The 1929 Whitehouse Bros organ
showing the wooden pipes of the Double 16ft along the side
[Photographs by Geoffrey Cox (July 2012)]




The Open Diapason rank (extended to Geigen Principal 4ft)
now located outside the Swell Box on both sides of the organ
[Photograph by Geoffrey Cox (July 2012)]


MANUAL
Double
Open Diapason
Gedact
Salicional
Geigen Principal
Dulcet
Oboe

COUPLER
Octave Coupler

16
8
8
8
4
4
8




A
B
A

B






(melodic bass, 20 notes, C-b) [wood]



[1973]

[1973]



 

Attached stop-key console
No pedals
Compass: 58 notes
Tubular-pneumatic action
Balanced swell pedal.6






Console details of the 1929 Whitehouse Bros organ
[Photographs by Geoffrey Cox (July 2012)]

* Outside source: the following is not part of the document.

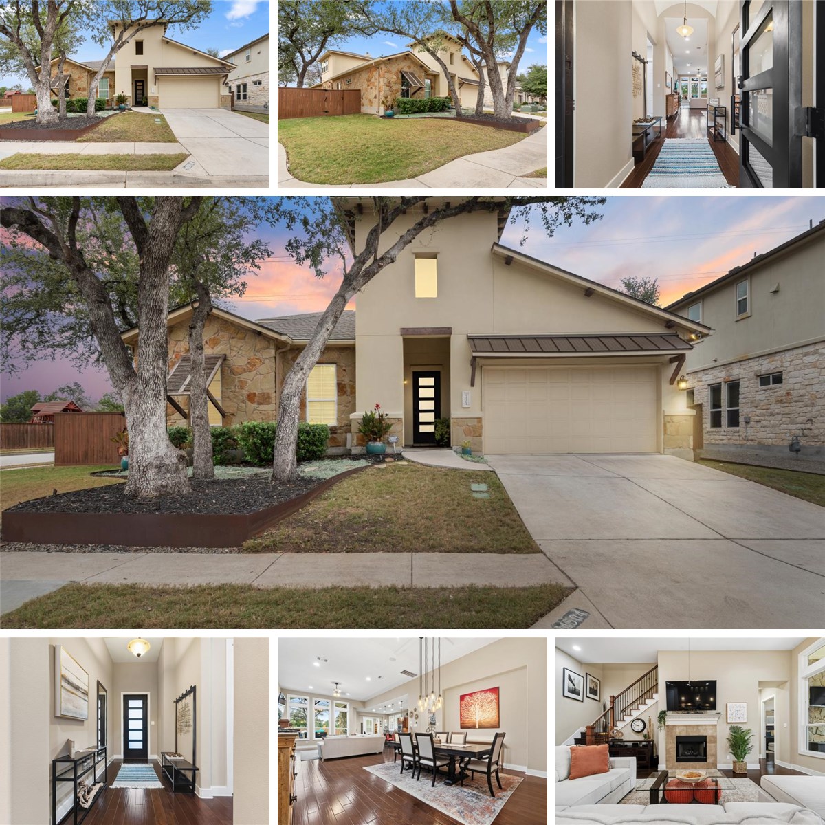 This thoughtfully designed 1.5-story home lives like a single story, with most daily living on the main level and a private upstairs retreat. Offering approximately 3,445 sq ft, the home features 4 bedrooms, with 3.5 bedrooms. The open layout centers around a spacious family room with gas fireplace, flowing into a full-size dining area and well-appointed kitchen with gas cooking, large island, built-in oven, stainless steel appliances, pendant and flush-mount lighting, tray ceilings, and tall windows overlooking the backyard. The private primary suite is located at the back of the home and offers bump-out windows, dual vanities, jetted soaking tub, oversized walk-in shower with dual showerheads, and a large walk-in closet with his-and-hers sections plus extra storage. Upstairs features a media room with full bath and attic access, perfect as a bonus space, guest retreat, or man cave. One front bedroom includes built-in bookcases and a pop-out desk, ideal for a home office or creative space. Enjoy outdoor living on the covered patio with ceiling fan, mounted TV, and gas line, overlooking a resort-style dipping pool with waterfalls and in-floor self-cleaning jets, privacy fencing, mature trees, and landscape lighting. Additional highlights include corner lot, stone and stucco exterior, roof replaced in 2021, oversized tandem 2.5-car garage, and smart-home features including app-controlled pool, irrigation, garage door, Ring doorbell/cameras, and select lighting.

______________________________________________________________________

1 Glenda Murrell, Anglican Records and Archive Centre Guide to Records (DioceseofBrisbaneWeb, 2001) - cited January 2004.

2 Donald Watson & Judith McKay, Queensland Architects of the 19th Century: A Biographical Dictionary (Brisbane: Queensland Museum, 1994), pp. 121-23.

3 Whitehouse Bros List gives "New 1928 £375". Whitehouse Bros Ledger (1922-1940), p. 352, shows payments up to March 1929.

4 The Pittsworth Sentinel (4 May 1929), p. 3, cited by Grant Uebergang. See also The Brisbane Courier (16 May 1929), p. 27.

5 Personal communication from Walter Emerson to G. Cox, February 1974.

6 Specification noted by G. Cox, July 2012.